The lateral support of the sleeve valve 3 additionally provided by the rods 20 preferably prevents unnecessary vibration of the sleeve valve and can be achieved in a number of different directions. In this embodiment, the downward extension 8 is provided with three guide rails 24 fixed to its outer surface. These guide rails 24 extend in the longitudinal direction of the sleeve and are spaced 120 degrees around it. The sleeve valve 3 is provided with rollers 25 that travel freely along the surface of the rail 24.

In contrast to a heat exchange array of a conventional heat exchange unit, in this embodiment, the array comprises a plurality of spirally wound "strings" of finned heat exchange tubes disposed concentrically in the tuit passage 22. strings) "(30). This device is most clearly seen in FIG. 10 where seven strings 30a to 30g are arranged.

It is preferable to have tubes of equal length for the innermost string 30a in the radial direction with respect to the outermost string 30g so that the fluid in all the strings is heated to the same degree. Thus, the pitch between adjacent windings on the outer string 30g is larger than for the innermost string 30a to account for the larger diameter outermost string 30g.
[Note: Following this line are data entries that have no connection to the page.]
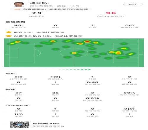 直播吧X小紅書德甲第30輪最佳:迪亞斯2助攻,本賽季第5次當(dāng)選!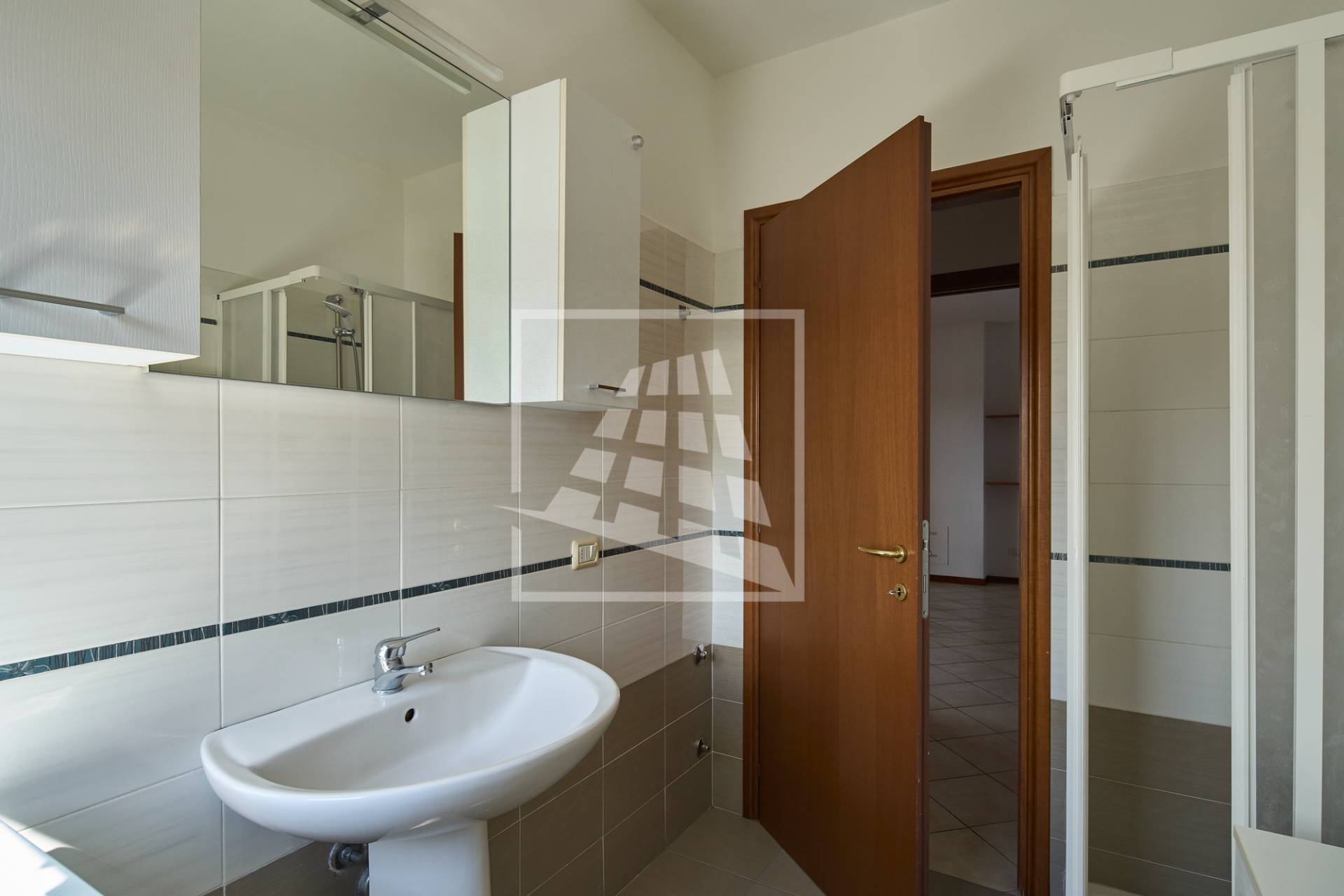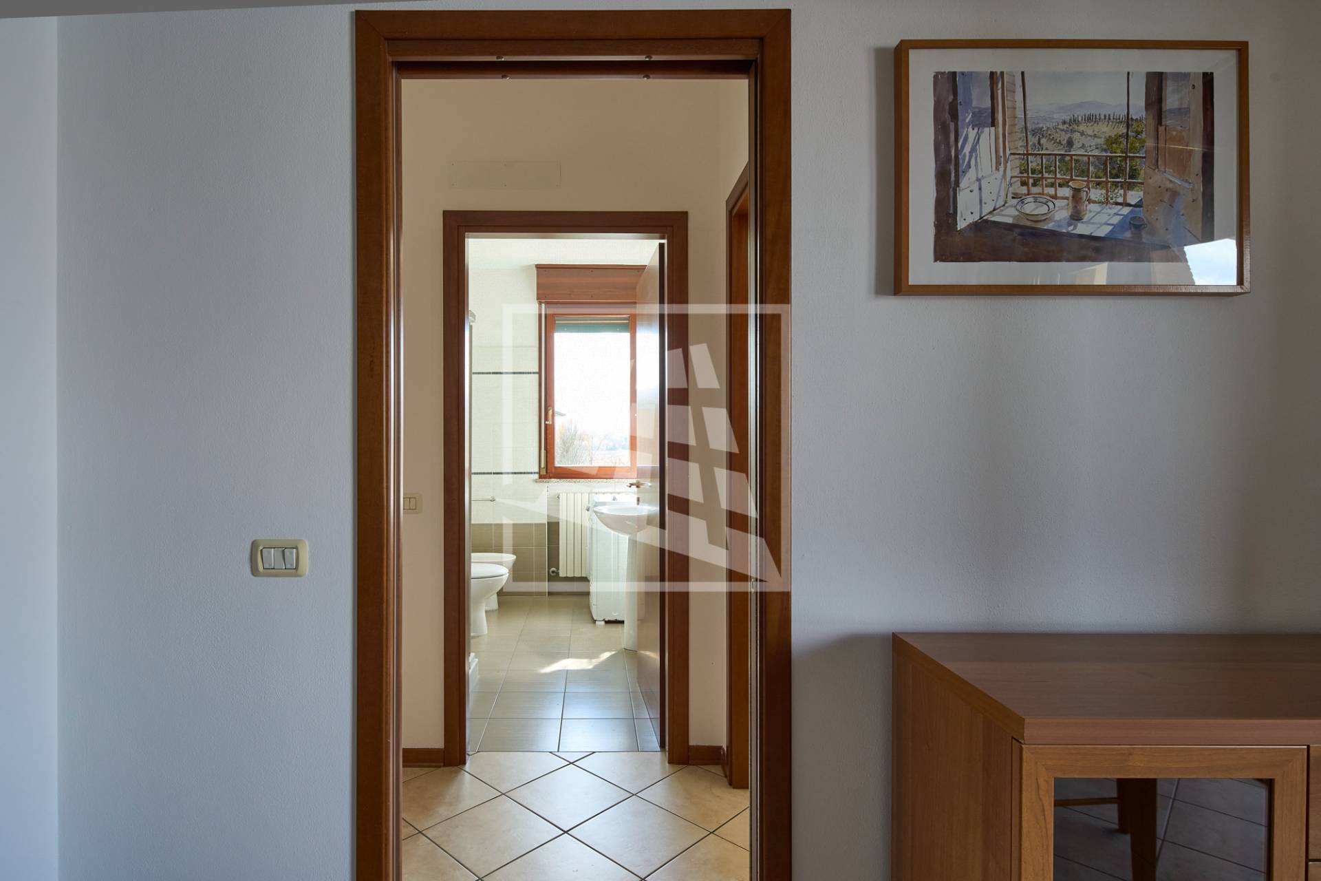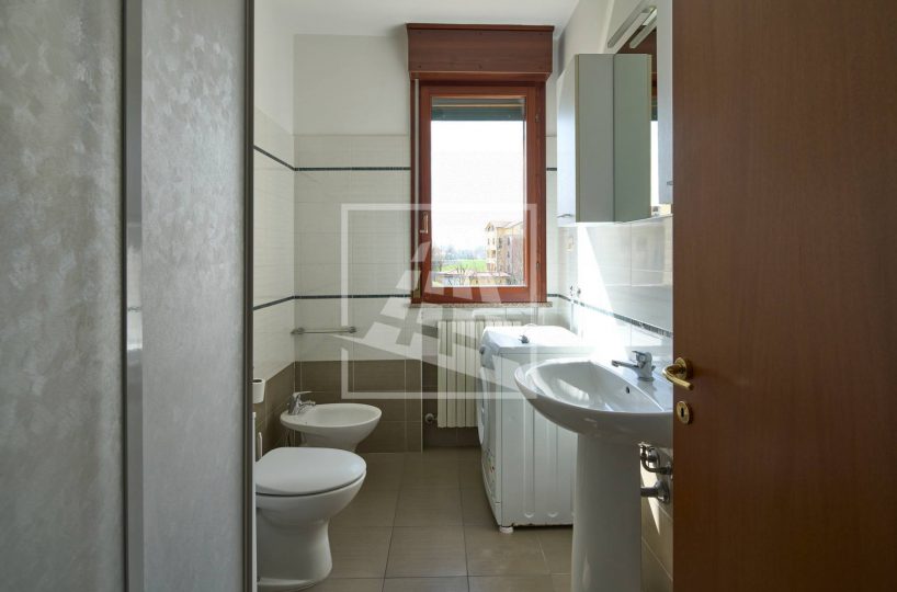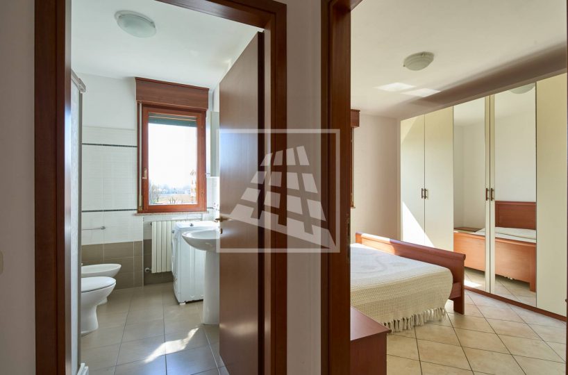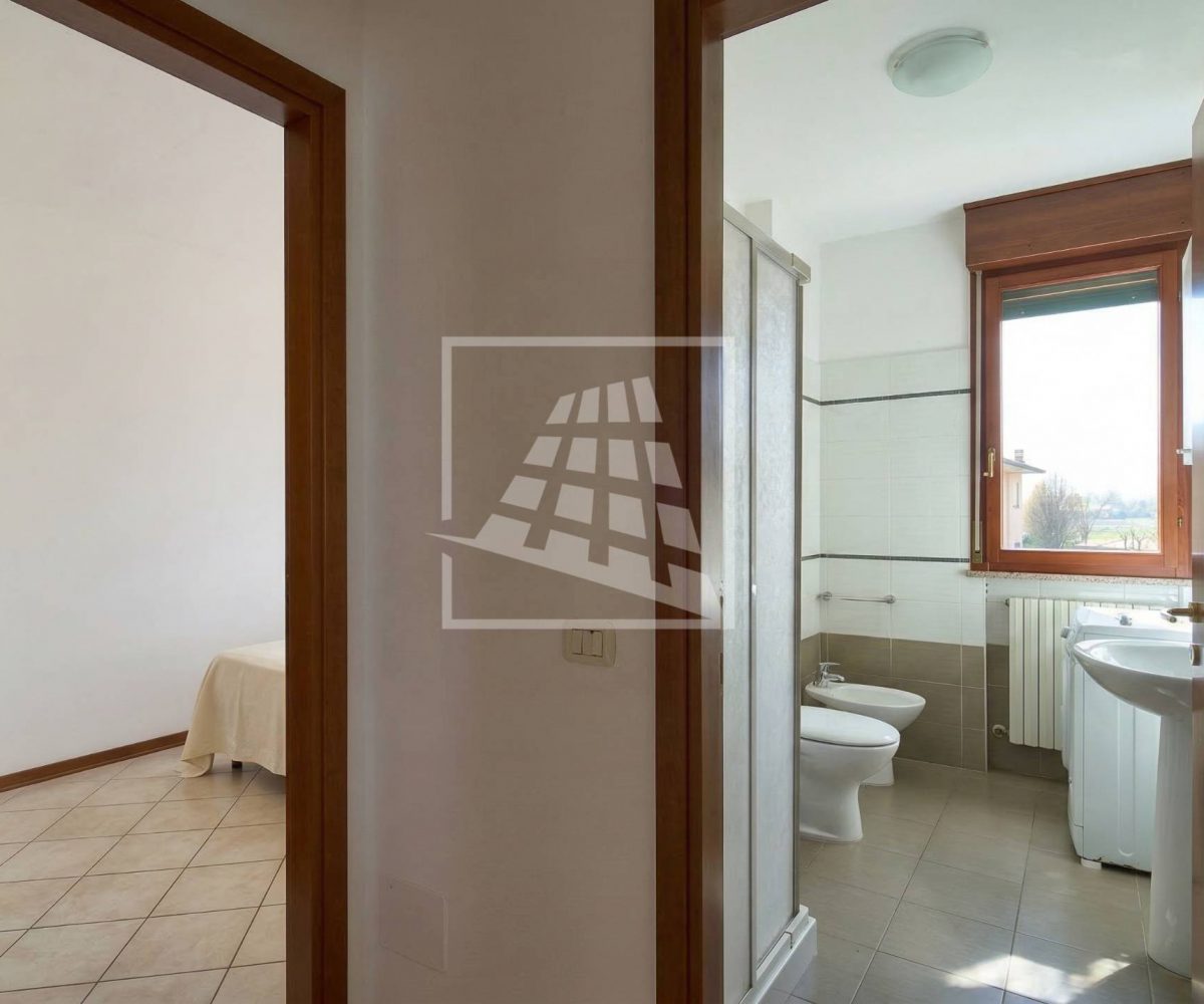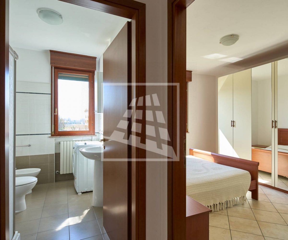 Il disimpegno separa la zona living dalla zona notte, la quale ospita due ampie camere matrimoniali e un bagno finestrato completo di box doccia.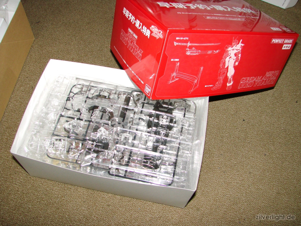 Allein der PG Gundam Astray Red Frame bietet 36 Runner (Gitter) mit Teilen. Die Initial Production Version Box enthält nochmal weitere 12 Runner mit Teilen.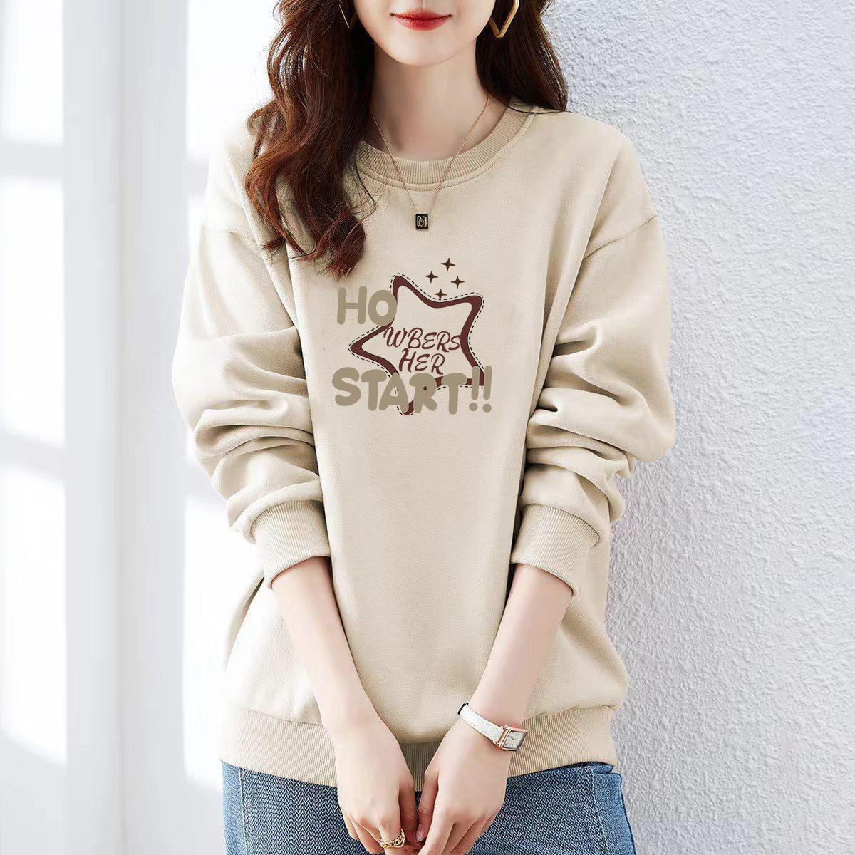 淘宝高端中山即墨洋气卫衣女春秋宽松显瘦慵懒风薄款时尚印花纯棉上衣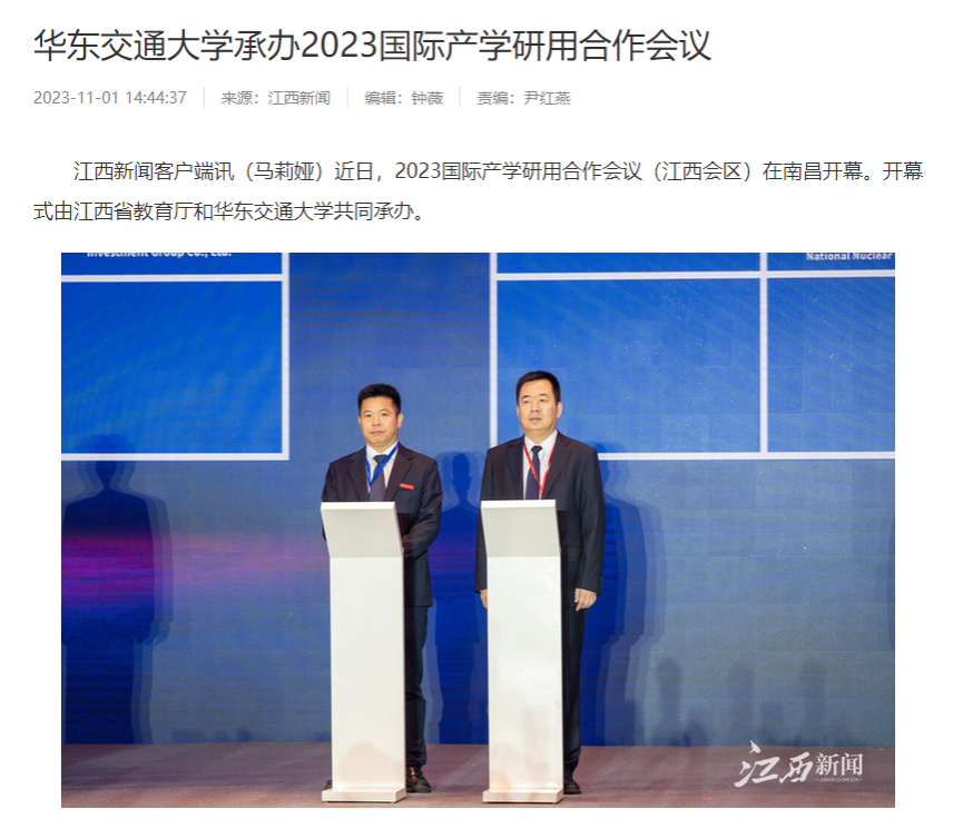 近日,2023国际产学研用合作会议(江西会区)在南昌开幕。开幕式由江西省教育厅和beat365中文唯一官网共同承办。

A mandrel 50 according to an embodiment of the invention for forming such strings 30 is shown in side, end and cross-sectional views in FIGS. 3, 4 and 5, respectively, in a simplified form. As can be seen in FIG. 3, the mandrel is arranged with its axis of rotation A-A being substantially horizontal. A drive arrangement 52 is provided at one end and is arranged to drive the central axle 54 of the main mandrel roller 56. The axles are supported on bearings 58 near their respective ends.

Referring to the end view of FIG. 4, it can be seen that the roller comprises a plurality of beams 60 arranged around its circumference and extending the length of the roller. Although only four beams are shown in FIG. 4, the rollers may have 36 such beams that typically extend parallel to each other at equiangular intervals. In this embodiment, each beam 60 is equipped with three support devices, denoted 62 throughout the specification, which allow the beam to be adjusted radially outward and inward with respect to the axle 54. do. In other embodiments, the number of support devices 62 may vary depending on the desired length of the beam 60.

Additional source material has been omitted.